Although there was a substantial effort dedicated to syntheses of pyrazinones, conversion of α-(2-amino)acylamino ketones has not been reported. The closest analogy to our method is the transformation of dipeptidyl chloromethyl ketones to pyrazinones under rather forcing conditions.39
The second route that afforded 1H-pyrazin-2-ones 7 was rather unexpected. α-Acylamino ketones 2a (R3 = H), 2b (R3 = Et) were prepared by acylation with α-bromocarboxylic acids. Exposure to hydrazine monohydrate afforded, after cleavage from resin with 50% TFA in DCM, 1H-pyrazin-2-ones 7. This plausible mechanism involves the elimination of ammonia by cleavage of the N-N bond. This transformation has a structurally unrelated precedence.40
A small set of 1H-pyrazin-2-ones was synthesized using Fmoc-β-Ala-OH, ethylenediamine, and ethanolamine in the first step, three bromoketones, three α-bromocarboxylic acids and one Fmoc-α-amino acid in the second and third steps, respectively.
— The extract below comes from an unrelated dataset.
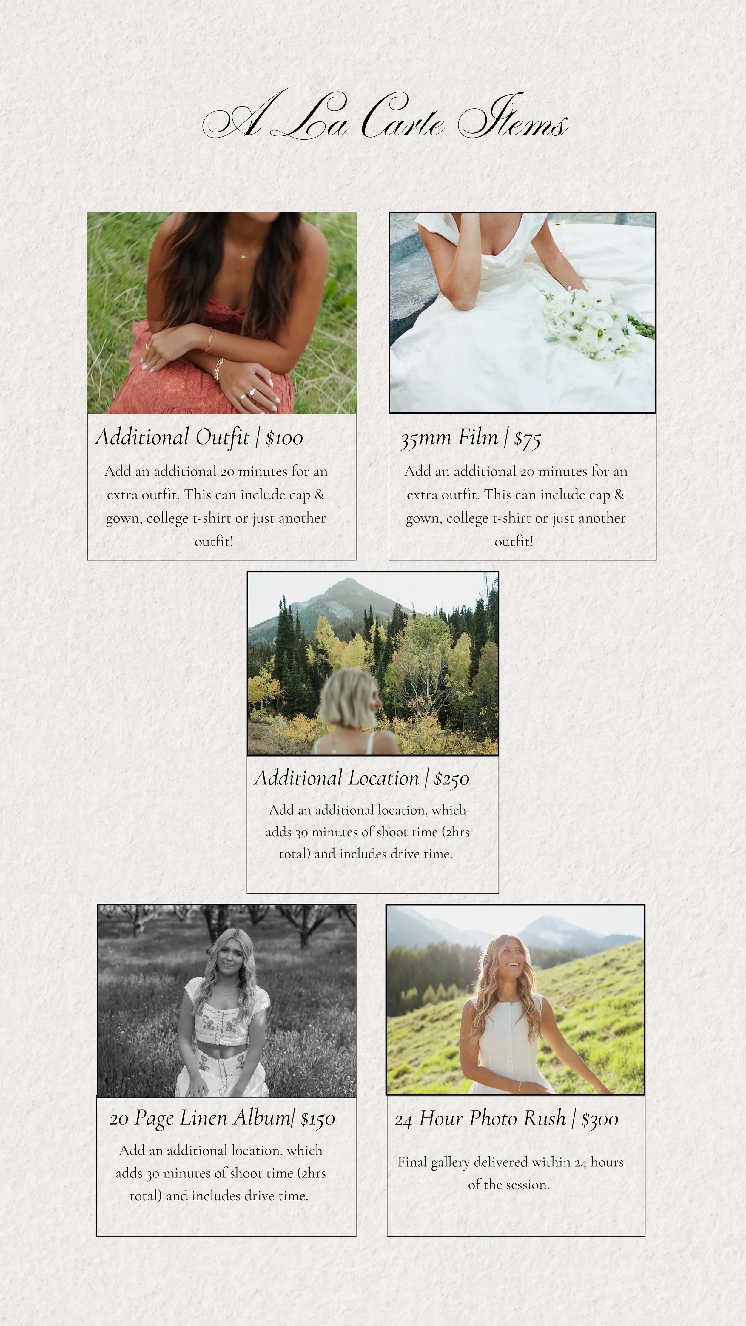Payment plans can be broken up into 2-4 separate payments. I take payment through an invoice that I will send you once you decide which package works best for you!

A complementary route for the synthesis of 1H-pyrazin-2-ones from the analogous precursors reported in the literature involved nucleophilic substitution of chloride by azide. Subsequent reaction with PPh3 formed 1H-pyrazin-2-ones via iminophosphoranes.41 An alternative synthesis took advantage of reductive amination of chloroacetyl derivatives with an amine in the presence of borohydride, followed by cyclization to piperazinones.42
Resin-bound α-acylamino ketones 2a (R3 = H), used for the synthesis of 1H-pyrazin-2-ones, were also reacted with benzylhydrazine monohydrochloride in DMF in the presence of TEA. We observed the formation of two different products (Scheme 5). Besides 1H-pyrazin-2-ones 7, we isolated 4,5-dihydro-1,2,5-triazepin-6-ones 9 (R4 = Bn). The ratio of those two products was 1:2 (at this time, we did not carry out optimization of reaction conditions). The structure of 4,5-dihydro-1,2,5-triazepin-6-one was unequivocally confirmed by 2D NMR spectra (gHMBC) and isomeric structures 10, 11, and 12 (Figure 2) were eliminated.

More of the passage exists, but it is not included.